Make sure to set these environment variables before running the application. You can set them in a .env
file or as system environment variables.
Make sure your RDS Postgres instance adheres to this requirement:
The pgvector extension version 0.5.0 is available on database instances in Amazon RDS running PostgreSQL 15.4-R2 and higher, 14.9-R2 and higher, 13.12-R2 and higher, and 12.16-R2 and higher in all applicable AWS Regions, including the AWS GovCloud (US) Regions.

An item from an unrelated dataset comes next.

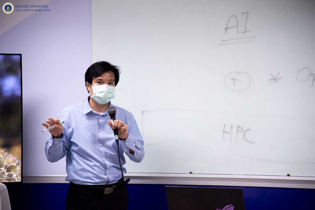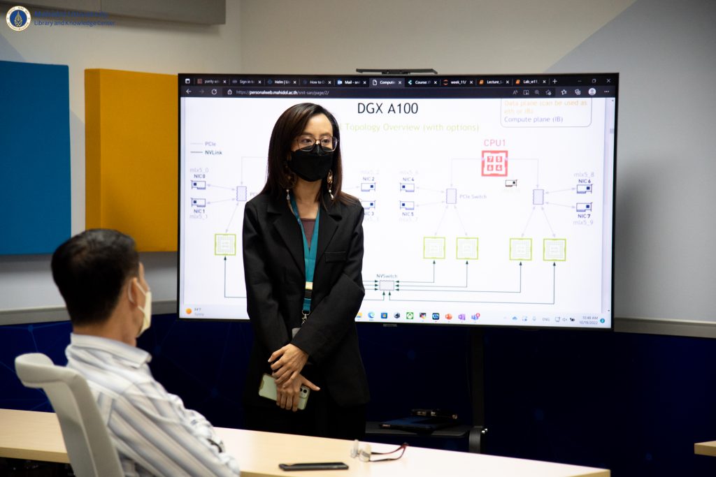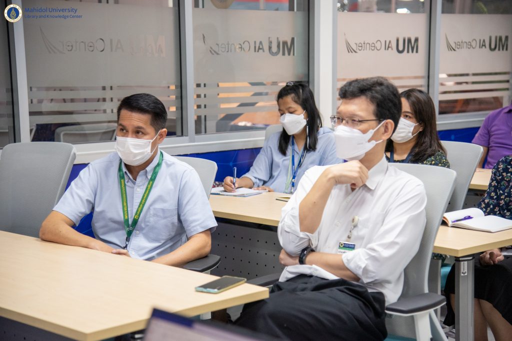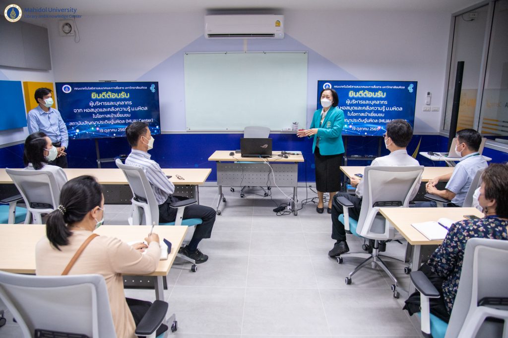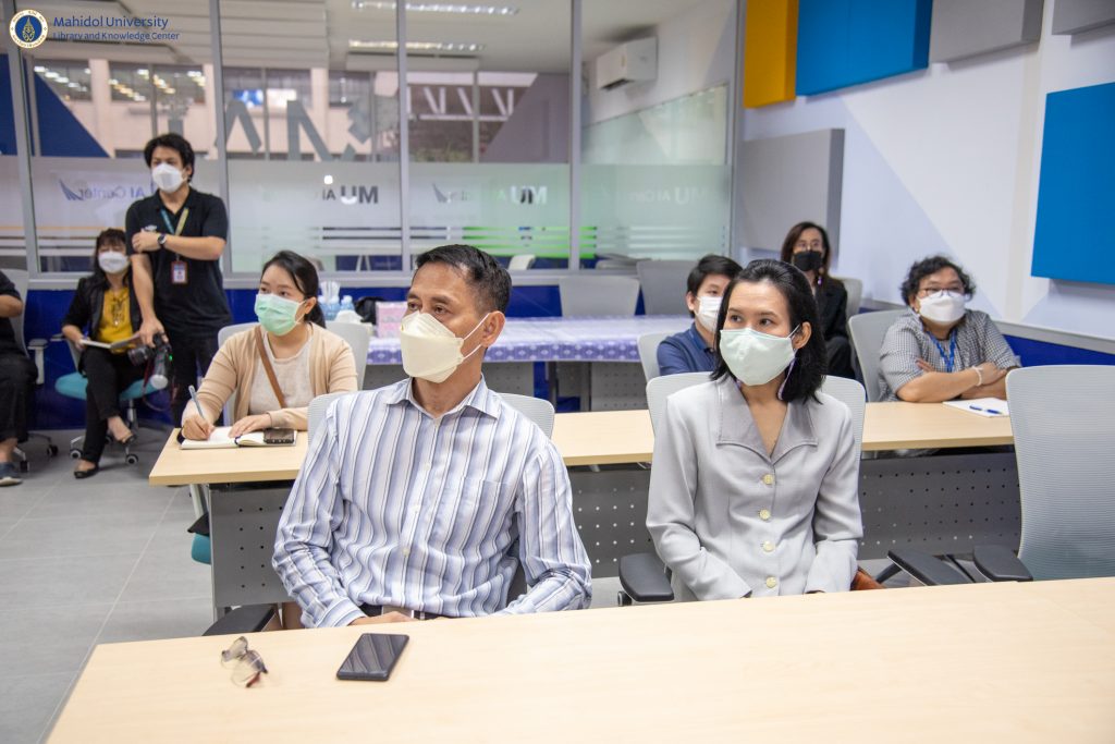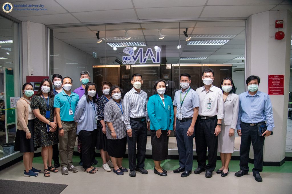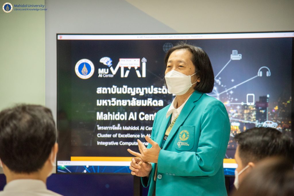 หอสมุดและคลังความรู้มหาวิทยาลัยมหิดล โดย ผู้ช่วยศาสตราจารย์ ดร.นพพล เผ่าสวัสดิ์ ผู้อำนวยการหอสมุดและคลังความรู้ฯ ดร.อภิภู สิทธิภูมิมงคล รองผู้อำนวยการฝ่ายเทคโนโลยีการศึกษาและพันธกิจพิเศษ ผู้ช่วยศาสตราจารย์ ดร.ประพัฒน์ สุริยผล รองผู้อำนวยการฝ่ายพัฒนาเทคโนโลยีสารสนเทศและนวัตกรรม ผู้ช่วยศาสตราจารย์ ดร.ทัศนียา รัตนฤาทัย นพรัตน์แจ่มจำรัส รองผู้อำนวยการฝ่ายวิจัยและวิชาการ และบุคลากรของหอสมุดและคลังความรู้ฯ จำนวน 12 คน เข้าเยี่ยมชมสถาบันปัญญาประดิษฐ์มหิดล (MU AI Center) คณะเทคโนโลยีสารสนเทศและการสื่อสาร มหาวิทยาลัยมหิดล ภายใต้โครงการ Reinventing University เมื่อวันที่ 19 ตุลาคม 2565 ที่ผ่านมา โดยได้รับเกียรติจากอาจารย์ผกาพร เพ็งศาสตร์ รองคณบดีฝ่ายวิศวกรรมและระบบ อาจารย์สนิท แสงเหลา ผู้ช่วยคณบดีฝ่ายวิศวกรรมและโครงสร้างพื้นฐาน ดร.ทิพาจินต์ ไทยพิสุทธิกุล อาจารย์ประจำกลุ่มวิชาวิทยาการคอมพิวเตอร์ ให้การต้อนรับและเป็นวิทยากรบรรยาย ในการเข้าเยี่ยมชมในครั้งนี้ โดยมีวัตถุประสงค์เพื่อเป็นการศึกษาปัญญาประดิษฐ์ (AI) ในการเรียนรู้เชิงลึกและการวิเคราะห์ข้อมูล และนำองค์ความรู้มาประยุกต์ใช้ให้เหมาะสมกับบริการของหอสมุดและคลังความรู้ฯ ในอนาคตอย่างมีประสิทธิภาพ

In order to setup RDS Postgres with RAG API, you can follow these steps:
-
Create a RDS Instance/Cluster using the provided AWS Documentation.
-
Login to the RDS Cluster using the Endpoint connection string from the RDS Console or from your IaC Solution output.
-
The login is via the Master User.
-
Create a dedicated database for rag_api:
create database rag_api;
. -
Create a dedicated user\role for that database:
create role rag;
-
Switch to the database you just created:
\c rag_api
-
Enable the Vector extension:
create extension vector;
-
Use the documentation provided above to set up the connection string to the RDS Postgres Instance\Cluster.
Notes:
- Even though you're logging with a Master user, it doesn't have all the super user privileges, that's why we cannot use the command:
create role x with superuser;
- If you do not enable the extension, rag_api service will throw an error that it cannot create the extension due to the note above.